Jack set Shock and Barrel on their feet. Sally lowered Lock to the ground. The walk back was silent except for the occasional sniffle from Barrel. When she noticed that the skeleton boy was limping, Sally picked him up and carried him the rest of the way to the manor. More than halfway into the trip, Lock got his nerve up and raised his hand. Jack nodded once and acknowledged him. "Yes?"
The devil boy wrung his tail in one hand. "What are you going to do with us?" he muttered.
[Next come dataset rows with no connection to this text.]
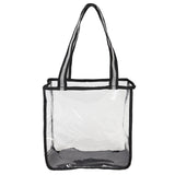 The Diamond Clear TPU Tote has woven balck trim for a contemporary look and is a simple solution for clear bag safety protocols and ensures hassle-free entry to sporting events, concerts, conferences, or festivals. The.reinforced dual woven 23" carry handles have a light gray accent color and the black canvas bottom has a 5-1/4" gusset. Bag is wipeable for easy cleaning and PVC-free. Complies with Prop 65. 12" L x 6" W x 12" H
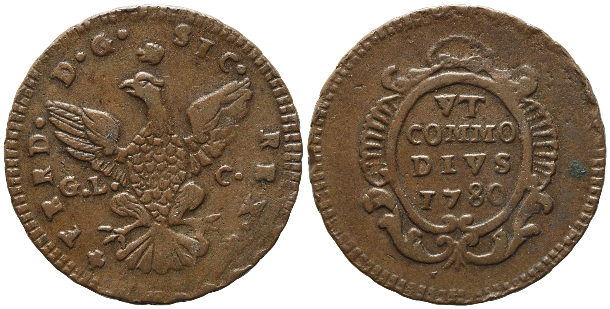 PALERMO. Regno di Sicilia. Ferdinando III di Borbone (1759-1816). 1 grano 1780. Cu. Gig. 115. NC. BB/SPL
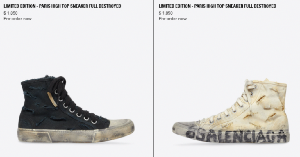 Balenciaga’s “Paris High Top Sneaker Full Destroyed” in black and white courts controversy for aestheticising poverty for a high price tag
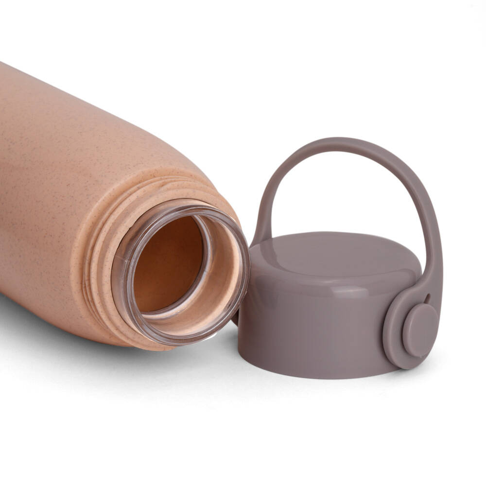 Borraccia capacità 380ml.corredata di porta cellulare Acciaio e paglia di frumento. Confezione in astuccio. Dimensioni Ø cm 6 h 23,5 Imballo: 50 -

Jack's brow knitted. "Well, for starters, you're going to help clean up the messes that you've made."
For once, not one of the three had a thing to say. * * * *
Shock pulled the guest bed's sheets tighter around her. Not three feet away, Lock tried to get comfortable on an overstuffed chaise lounge. Barrel lay curled up like a dead bug on an air mattress in the corner. The manor was so quiet that they could hear ghosts moaning off in the distance. Lock tossed and turned and punched his pillow. Shock turned over onto her tummy. Somewhere in the massive old place, a pipe creaked. The trio lay still as the manor settled eerily around them, feeling their separate aches and pains. All three were significantly bandaged and taped up. They had yet to break Jack's earlier speak-unless-spoken-to rule.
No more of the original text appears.